DROPPING KNOWLEDGE/ TABLE OF FREE VOIVES
In 2006 we produced the Table of Free Voices, a unique public gathering of incomparable dimension and logistics: Under the direction of the non-profit organization Dropping Knowledge we assembled 112 internationally renowned artists, philosophers, scientists, and activists that answered 100 selected questions simultaneously, consequently resulting in 11.200 answers recorded by 112 cameras and microphones. The event took place at the historic Bebelplatz in the center of Berlin. This place is in very bad remembrance because of the malicious book burnings in Nazi Germany that took place there and all over Germany.
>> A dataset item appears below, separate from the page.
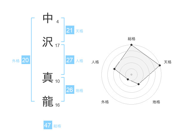中沢 真龍さんの総格は47画の5点!

Our event turned a place where knowledge was condemned and burned to a place of free expression of knowledge.
The Table of Free Voices was moderated by Nigerian activist Hafsat Abiola and Hollywood actor William Dafoe. Prominent participants from all over the world included Wim Wenders, Bianca Jagger, Hans-Peter Dürr, Oliviero Toscani, Avi Primor, Susan George, Ervin Laszlo, Raymond Federman, Harry Wu, and many more.
Dropping Knowledge was founded by Ralf Schmerberg, Cindy Gantz and Jackie Wallace. In its development Dropping Knowledge became an interactive online platform for questions, concerns and initiatives from around the world. People who are usually not be heard found a platform and community to voice their individual concerns. Out of this huge pool Dropping Knowledge selected the questions for the Table of Free Voices.
This impressive event in Berlin was the culminating point of a huge and diverse long-term production. In the forefront of the Table of Free Voices we travelled the world to meet amazing people that try to make a difference with their work and living, to see and experience the effects of crucial global developments such as global warming on the ground: We went to Mumbai, Beijing, San Francisco, Caracas, New Orleans and elsewhere.
We met and interviewed climate scientist, physicists, meteorologists, activists, environmentalists and artists. We visited photographer Sebastiao Salgado in Paris, civil rights activist Oscar Olivera in Caracas and artist Yang Shaobin in Beijing. We talked to scientists at the Indian Institute of Technology and explored India‘s biggest slum in Mumbai with an estimated population ranging from 200.000 to more than a million people. We took a breath in the planet‘s most polluted air in Beijing and talked to experts at the Chinese National Climate Center. We visited green initiatives in San Francisco and the World Social Forum in Caracas. We saw the devastating effects of the hurricane Katrina in New Orleans and talked to people who were existentially affected by the natural disaster by losing nearly everything.
A. K. Dikshit
Fang Lijun
Brandon Darby
Sebastião Salgado
We collected manifold impressions and questions on our journey. Afterwards we promoted the Table of Free Voices in producing and spread an elaborate online magazine „Questions – Global Warming / Global Warning“ that captures and recapitulates our world journey with a fascinating variety of impressions, articles, interviews that we collected around the globe.